John Mor MacDonald (Scottish Gaelic: Seán Mór Mac Dhòmhnaill), fl. 1499, was third lord of Clan Donald.

==Biography==
John Mor was a son of Donald Balloch MacDonald and Johanna, daughter of Conn O'Neill of Edenduffcarrick. He was the third chief of Clan MacDonald of Dunnyveg, also called Clan Donald South.

With his father, he signed the Treaty of Ardtornish in October 1461, which proposed that Scotland be divided between King Edward IV of England and James Douglas, 9th Earl of Douglas. He succeeded to the chieftainship of the clan after his father died at Islay in 1476.

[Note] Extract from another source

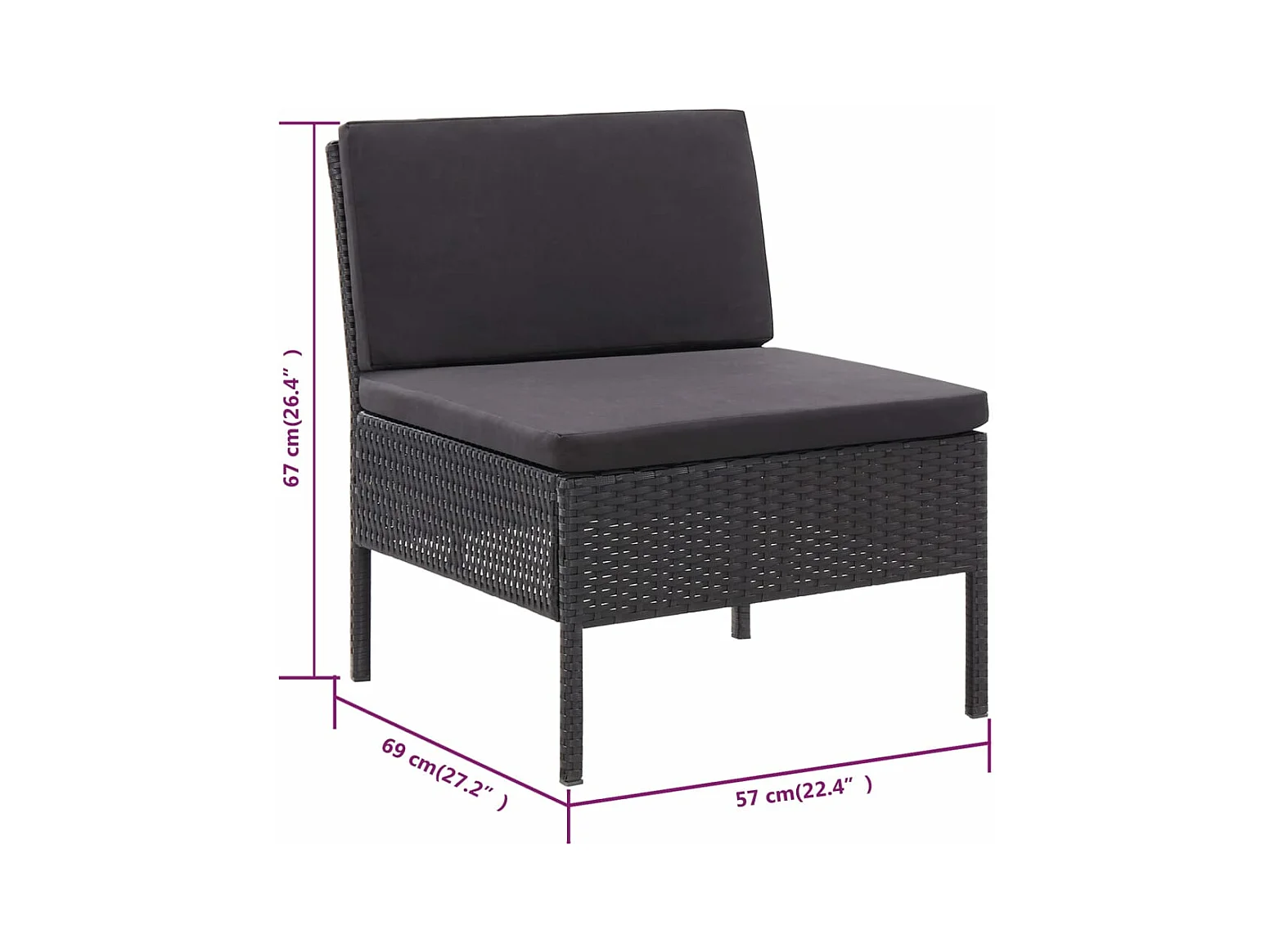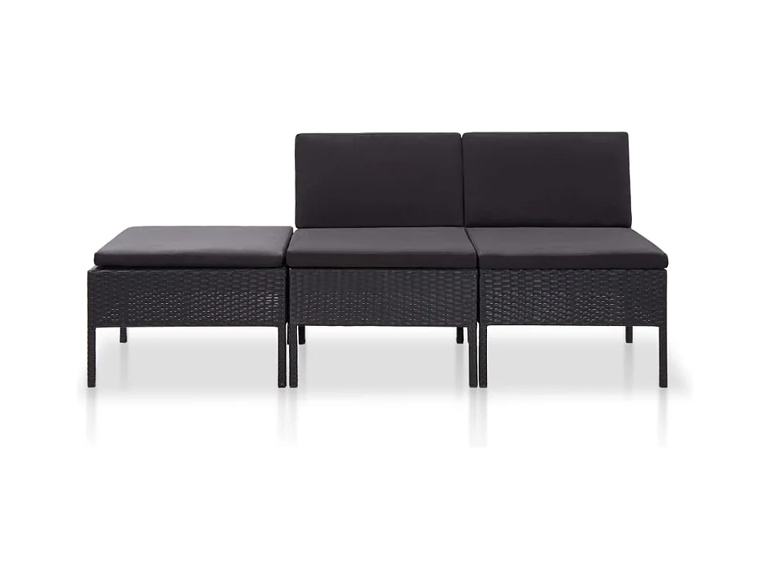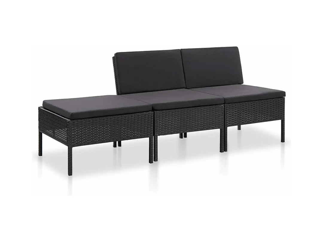3-tlg. Garten-Lounge-Set mit Auflagen Poly Rattan Schwarz

In 1493, with John of Islay being required to forfeit his title of Lord of the Isles and pay homage to King James IV of Scotland, the King garrisoned and provisioned Tarbert and Dunaverty Castle with royal forces in 1494. Sir John MacDonald, whom the king had recently knighted and to whom John had rendered homage, retook Dunaverty Castle just as the King was sailing for Stirling. The dead body of the castle's governor was hung over the castle walls in sight of the King and his departing entourage. The King, infuriated by Sir John's actions, declared Sir John a traitor and summoned him to Edinburgh for treason..

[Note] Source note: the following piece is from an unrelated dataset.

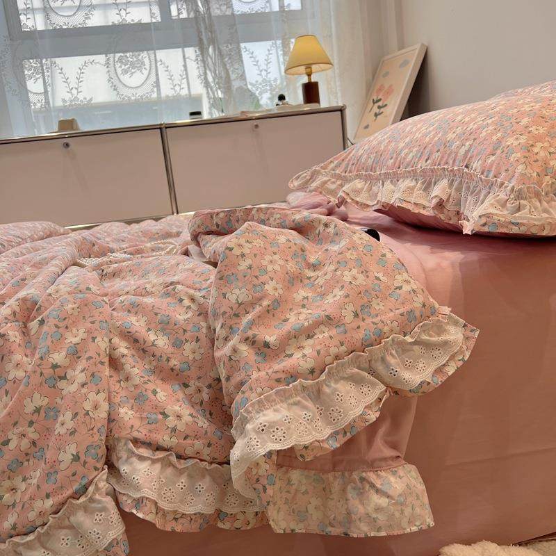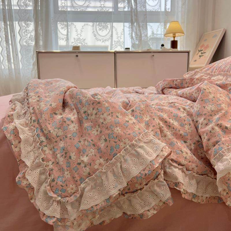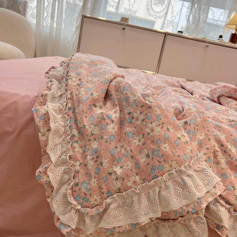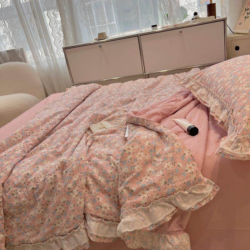 韩式 夏凉被四件套可机洗 蕾丝夏被少女心空调被公主风薄被子床裙式

Sir John Macdonald ignored the summons and continued to reside at Islay. He and his sons were captured through the treachery of his kinsman John MacIan of Ardnamurchan. Sir John, his son John Cathanach and John Cathanach's sons John Mor, John Og and Donald Balloch were tried, convicted of treason and hung on the Burgh Muir in 1499. John Cathanach's remaining son, Alexander Carragh, fled to Ireland and became the next chief of the clan and 5th earl of Dunnyveg.

==Family==
By his wife Sabina (Sarah), daughter of Felim O'Neill of Clandeboy, they had;

- John Cathanach, married Sheela (Cecelia) Savage, daughter of Robert Savage, Lord of the Ardes in Ireland. Executed in 1499.